**WORK TO COMPLETE**
Leaving out the pictures, retype the lines from the beginning of the listing through the line containing "Die 1900W-Version hat".

**SUPPLIED DATA**

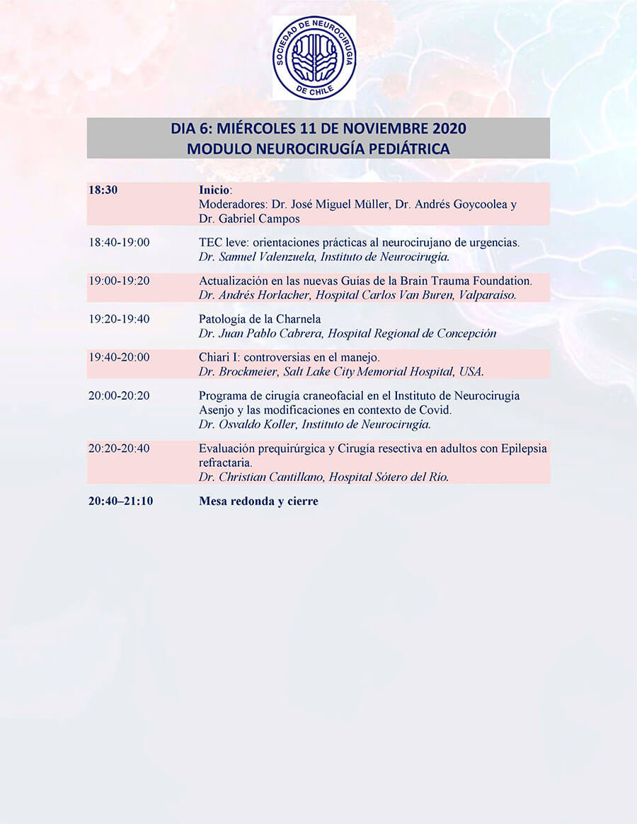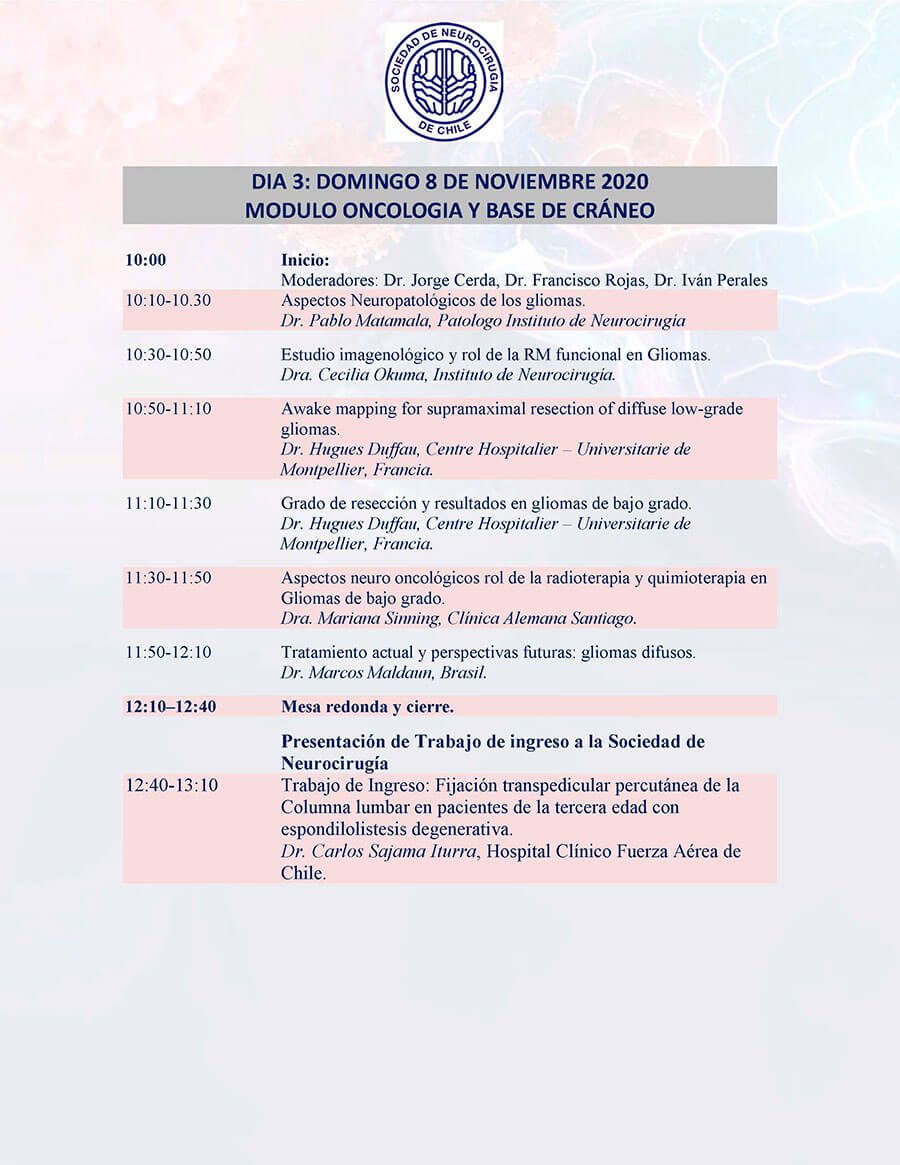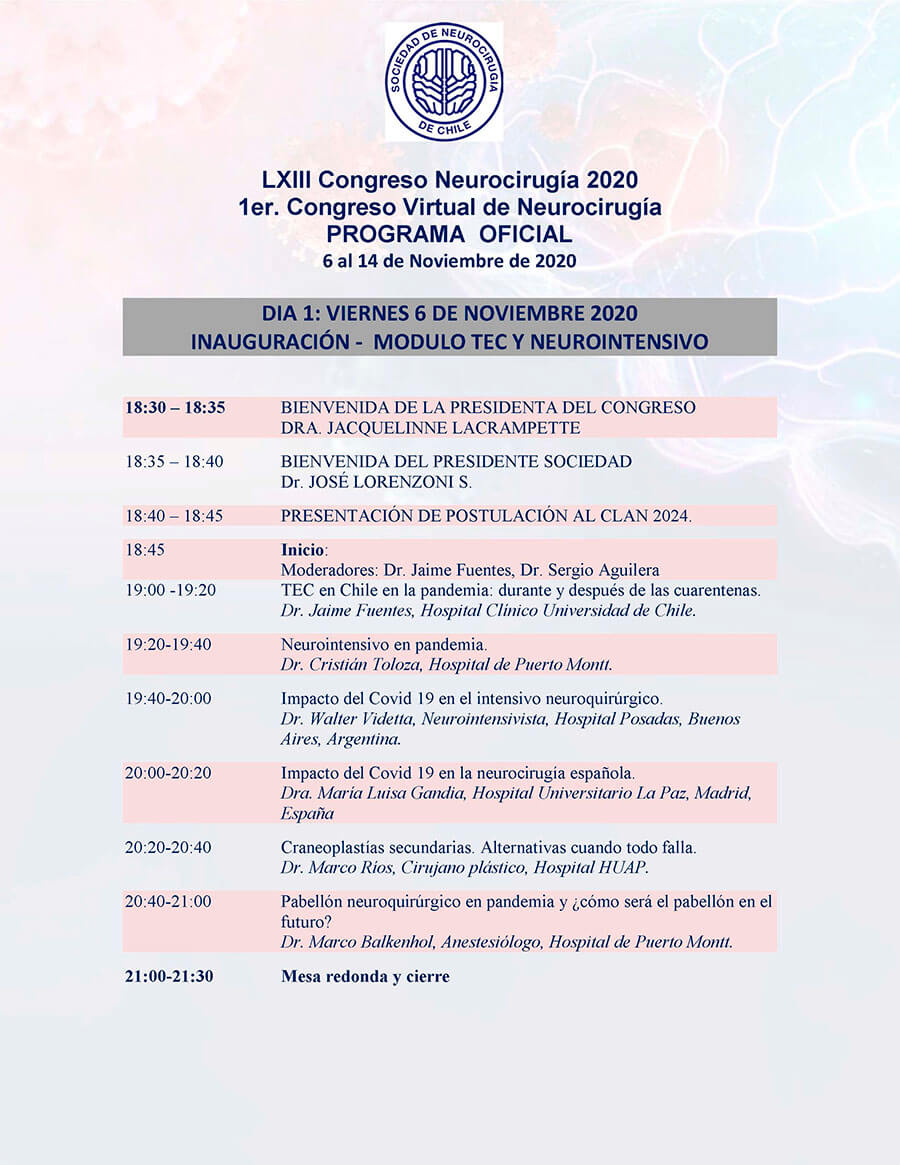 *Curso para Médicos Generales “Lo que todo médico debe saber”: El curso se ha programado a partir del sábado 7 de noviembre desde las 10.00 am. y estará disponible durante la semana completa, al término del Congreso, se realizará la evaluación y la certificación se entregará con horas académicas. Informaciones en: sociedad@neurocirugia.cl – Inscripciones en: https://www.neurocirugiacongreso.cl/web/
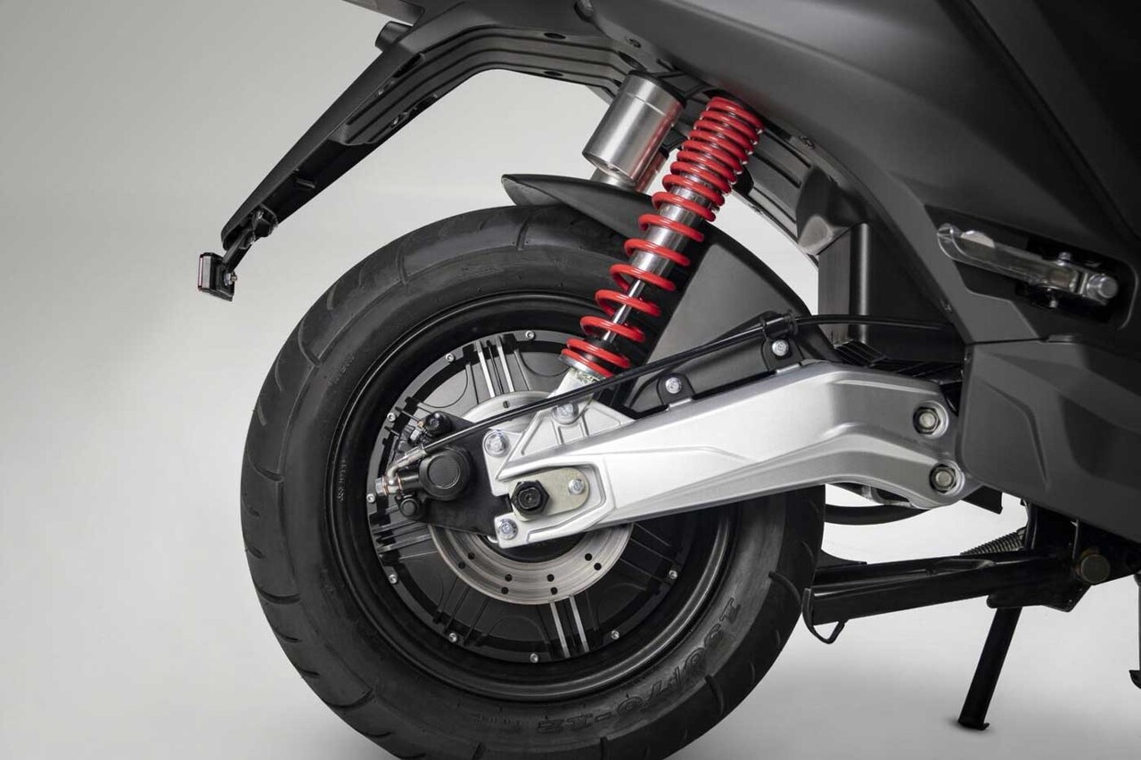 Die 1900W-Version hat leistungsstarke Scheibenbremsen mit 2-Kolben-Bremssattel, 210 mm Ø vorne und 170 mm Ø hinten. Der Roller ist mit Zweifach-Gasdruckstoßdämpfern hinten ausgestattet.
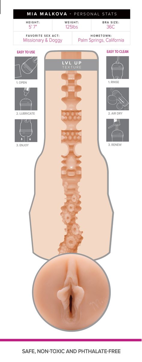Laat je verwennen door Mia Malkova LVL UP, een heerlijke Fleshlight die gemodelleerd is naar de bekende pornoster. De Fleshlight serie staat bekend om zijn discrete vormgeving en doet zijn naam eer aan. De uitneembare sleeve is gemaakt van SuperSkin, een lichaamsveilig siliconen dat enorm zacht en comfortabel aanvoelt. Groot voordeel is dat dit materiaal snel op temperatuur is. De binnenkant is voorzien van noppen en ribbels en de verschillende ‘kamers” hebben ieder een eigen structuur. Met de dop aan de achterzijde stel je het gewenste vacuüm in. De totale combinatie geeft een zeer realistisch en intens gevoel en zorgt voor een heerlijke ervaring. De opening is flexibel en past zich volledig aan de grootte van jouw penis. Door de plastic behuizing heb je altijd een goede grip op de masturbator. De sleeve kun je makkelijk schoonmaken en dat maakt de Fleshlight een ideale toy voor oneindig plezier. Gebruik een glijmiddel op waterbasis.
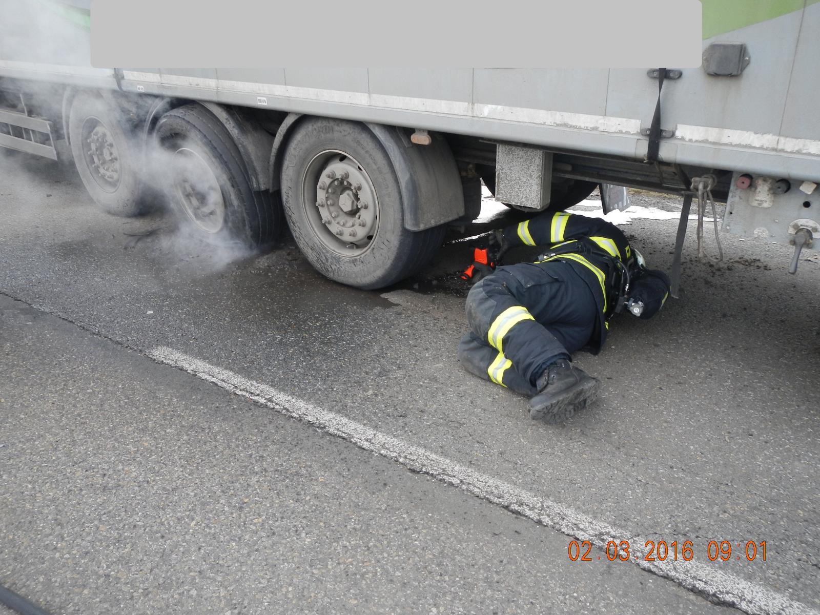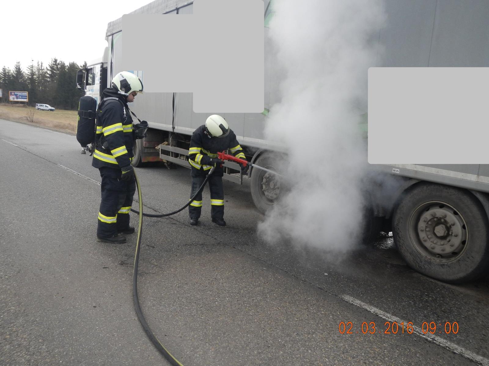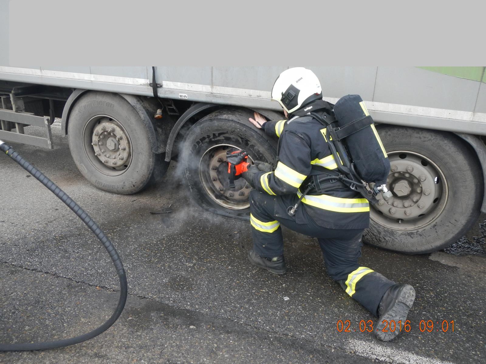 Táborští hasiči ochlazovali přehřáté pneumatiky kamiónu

**FINISHED TASK**
 *Curso para Médicos Generales “Lo que todo médico debe saber”: El curso se ha programado a partir del sábado 7 de noviembre desde las 10.00 am. y estará disponible durante la semana completa, al término del Congreso, se realizará la evaluación y la certificación se entregará con horas académicas. Informaciones en: sociedad@neurocirugia.cl – Inscripciones en: https://www.neurocirugiacongreso.cl/web/
 Die 1900W-Version hat leistungsstarke Scheibenbremsen mit 2-Kolben-Bremssattel, 210 mm Ø vorne und 170 mm Ø hinten. Der Roller ist mit Zweifach-Gasdruckstoßdämpfern hinten ausgestattet.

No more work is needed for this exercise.